An exact repetition of the data below, without images, is the expected answer.

▸ RECORDS SUPPLIED
______

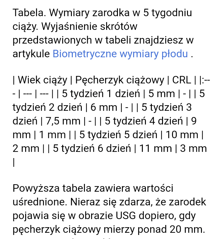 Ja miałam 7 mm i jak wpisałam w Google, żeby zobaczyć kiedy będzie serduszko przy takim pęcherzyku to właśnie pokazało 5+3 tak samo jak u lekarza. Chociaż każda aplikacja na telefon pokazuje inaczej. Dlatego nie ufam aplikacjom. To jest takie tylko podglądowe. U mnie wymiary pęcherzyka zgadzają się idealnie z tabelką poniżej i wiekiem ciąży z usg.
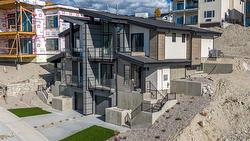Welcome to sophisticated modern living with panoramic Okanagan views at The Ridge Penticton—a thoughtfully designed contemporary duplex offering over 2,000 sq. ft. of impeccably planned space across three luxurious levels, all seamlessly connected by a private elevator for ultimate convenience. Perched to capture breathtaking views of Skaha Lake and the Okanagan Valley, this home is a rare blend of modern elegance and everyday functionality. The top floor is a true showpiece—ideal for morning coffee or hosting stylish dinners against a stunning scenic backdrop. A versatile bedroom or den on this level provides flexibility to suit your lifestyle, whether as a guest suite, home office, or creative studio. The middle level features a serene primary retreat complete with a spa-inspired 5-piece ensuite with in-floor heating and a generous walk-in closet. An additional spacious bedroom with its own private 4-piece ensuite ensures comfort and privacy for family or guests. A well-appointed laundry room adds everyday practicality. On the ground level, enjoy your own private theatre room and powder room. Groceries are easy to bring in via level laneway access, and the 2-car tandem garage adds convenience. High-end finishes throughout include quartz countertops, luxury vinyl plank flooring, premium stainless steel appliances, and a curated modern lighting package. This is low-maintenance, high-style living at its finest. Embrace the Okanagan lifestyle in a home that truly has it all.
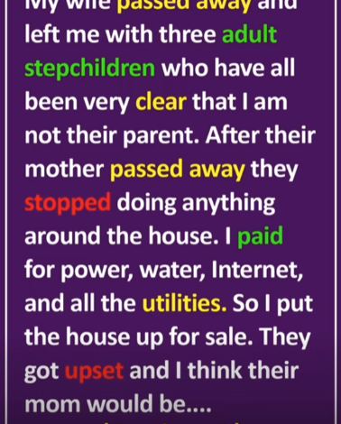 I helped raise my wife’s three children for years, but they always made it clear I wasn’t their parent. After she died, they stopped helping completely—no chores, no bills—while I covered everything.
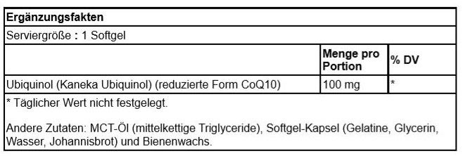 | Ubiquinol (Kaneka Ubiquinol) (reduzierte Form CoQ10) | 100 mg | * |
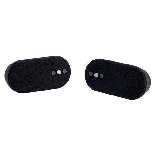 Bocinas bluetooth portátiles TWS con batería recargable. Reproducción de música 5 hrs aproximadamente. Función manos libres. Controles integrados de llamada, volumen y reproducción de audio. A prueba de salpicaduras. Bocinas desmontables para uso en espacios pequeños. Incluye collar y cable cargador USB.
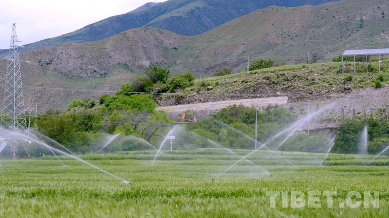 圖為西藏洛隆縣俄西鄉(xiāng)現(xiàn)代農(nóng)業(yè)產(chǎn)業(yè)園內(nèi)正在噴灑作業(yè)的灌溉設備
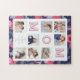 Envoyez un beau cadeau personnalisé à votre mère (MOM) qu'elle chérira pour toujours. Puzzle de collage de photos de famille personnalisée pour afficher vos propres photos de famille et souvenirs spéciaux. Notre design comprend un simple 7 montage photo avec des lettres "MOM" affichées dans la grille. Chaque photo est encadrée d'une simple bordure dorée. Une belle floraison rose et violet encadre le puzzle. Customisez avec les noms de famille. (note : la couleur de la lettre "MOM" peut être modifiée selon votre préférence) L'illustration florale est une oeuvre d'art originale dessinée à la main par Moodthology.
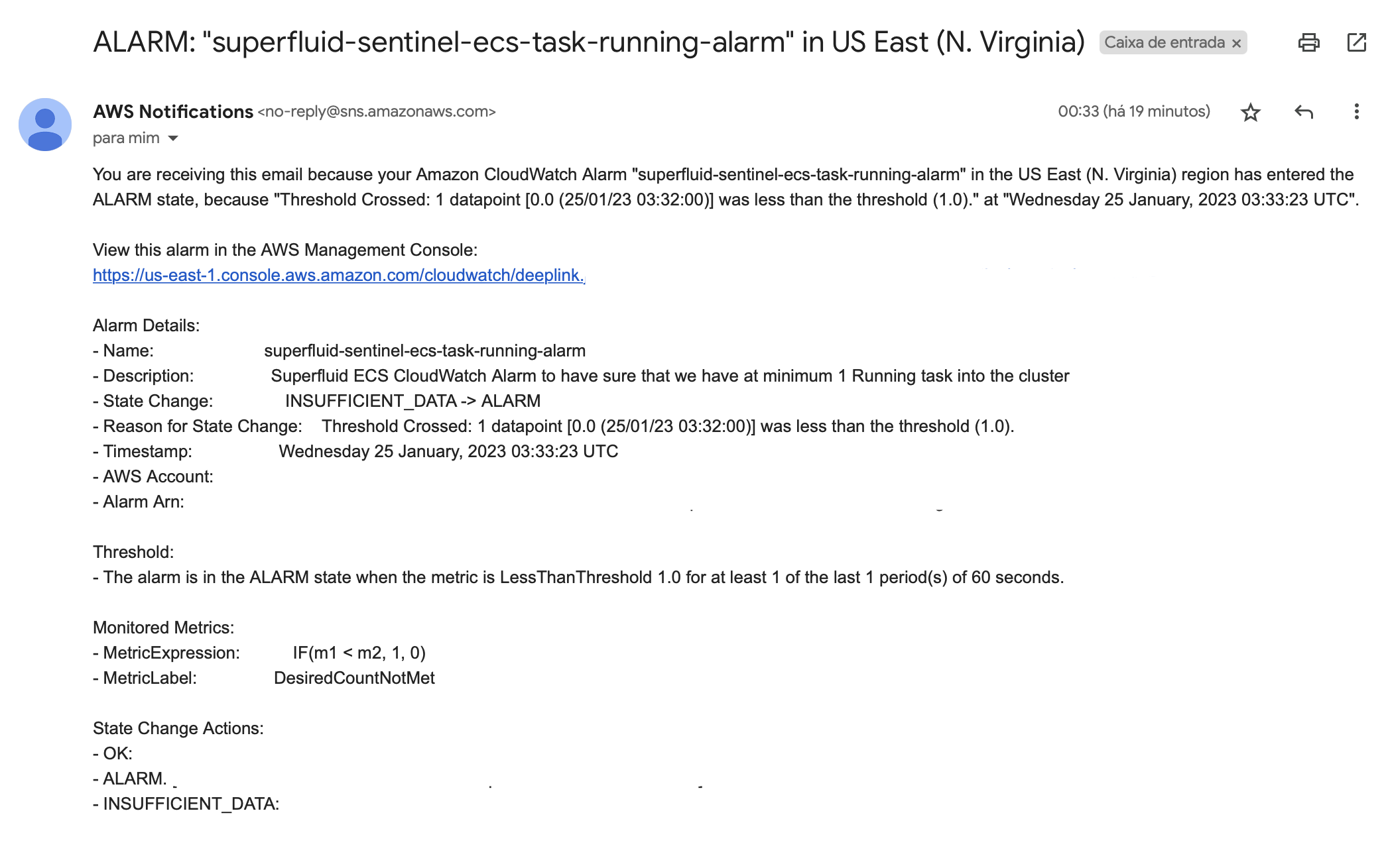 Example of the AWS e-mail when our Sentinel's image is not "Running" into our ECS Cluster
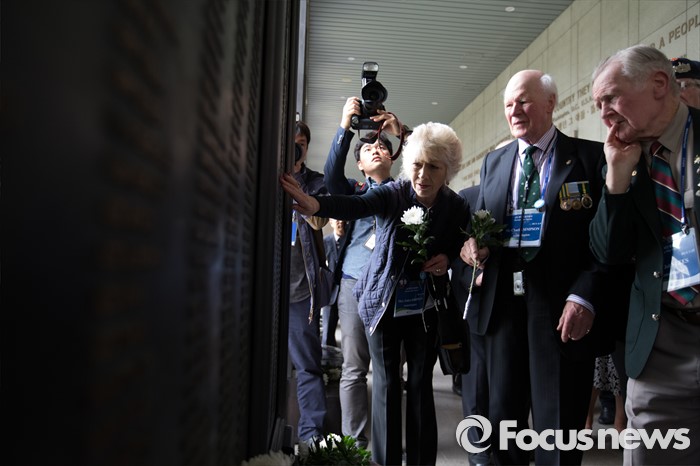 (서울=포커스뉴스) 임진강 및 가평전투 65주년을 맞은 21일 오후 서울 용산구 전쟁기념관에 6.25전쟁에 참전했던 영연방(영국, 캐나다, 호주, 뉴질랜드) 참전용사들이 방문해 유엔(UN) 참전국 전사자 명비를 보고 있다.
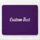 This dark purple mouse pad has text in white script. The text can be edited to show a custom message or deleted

______

▸ THE COMPLETED TASK
 Ja miałam 7 mm i jak wpisałam w Google, żeby zobaczyć kiedy będzie serduszko przy takim pęcherzyku to właśnie pokazało 5+3 tak samo jak u lekarza. Chociaż każda aplikacja na telefon pokazuje inaczej. Dlatego nie ufam aplikacjom. To jest takie tylko podglądowe. U mnie wymiary pęcherzyka zgadzają się idealnie z tabelką poniżej i wiekiem ciąży z usg.
Welcome to sophisticated modern living with panoramic Okanagan views at The Ridge Penticton—a thoughtfully designed contemporary duplex offering over 2,000 sq. ft. of impeccably planned space across three luxurious levels, all seamlessly connected by a private elevator for ultimate convenience. Perched to capture breathtaking views of Skaha Lake and the Okanagan Valley, this home is a rare blend of modern elegance and everyday functionality. The top floor is a true showpiece—ideal for morning coffee or hosting stylish dinners against a stunning scenic backdrop. A versatile bedroom or den on this level provides flexibility to suit your lifestyle, whether as a guest suite, home office, or creative studio. The middle level features a serene primary retreat complete with a spa-inspired 5-piece ensuite with in-floor heating and a generous walk-in closet. An additional spacious bedroom with its own private 4-piece ensuite ensures comfort and privacy for family or guests. A well-appointed laundry room adds everyday practicality. On the ground level, enjoy your own private theatre room and powder room. Groceries are easy to bring in via level laneway access, and the 2-car tandem garage adds convenience. High-end finishes throughout include quartz countertops, luxury vinyl plank flooring, premium stainless steel appliances, and a curated modern lighting package. This is low-maintenance, high-style living at its finest. Embrace the Okanagan lifestyle in a home that truly has it all.
 I helped raise my wife’s three children for years, but they always made it clear I wasn’t their parent. After she died, they stopped helping completely—no chores, no bills—while I covered everything.
 | Ubiquinol (Kaneka Ubiquinol) (reduzierte Form CoQ10) | 100 mg | * |
 Bocinas bluetooth portátiles TWS con batería recargable. Reproducción de música 5 hrs aproximadamente. Función manos libres. Controles integrados de llamada, volumen y reproducción de audio. A prueba de salpicaduras. Bocinas desmontables para uso en espacios pequeños. Incluye collar y cable cargador USB.
 圖為西藏洛隆縣俄西鄉(xiāng)現(xiàn)代農(nóng)業(yè)產(chǎn)業(yè)園內(nèi)正在噴灑作業(yè)的灌溉設備
 Envoyez un beau cadeau personnalisé à votre mère (MOM) qu'elle chérira pour toujours. Puzzle de collage de photos de famille personnalisée pour afficher vos propres photos de famille et souvenirs spéciaux. Notre design comprend un simple 7 montage photo avec des lettres "MOM" affichées dans la grille. Chaque photo est encadrée d'une simple bordure dorée. Une belle floraison rose et violet encadre le puzzle. Customisez avec les noms de famille. (note : la couleur de la lettre "MOM" peut être modifiée selon votre préférence) L'illustration florale est une oeuvre d'art originale dessinée à la main par Moodthology.
 Example of the AWS e-mail when our Sentinel's image is not "Running" into our ECS Cluster
 (서울=포커스뉴스) 임진강 및 가평전투 65주년을 맞은 21일 오후 서울 용산구 전쟁기념관에 6.25전쟁에 참전했던 영연방(영국, 캐나다, 호주, 뉴질랜드) 참전용사들이 방문해 유엔(UN) 참전국 전사자 명비를 보고 있다.
 This dark purple mouse pad has text in white script. The text can be edited to show a custom message or deleted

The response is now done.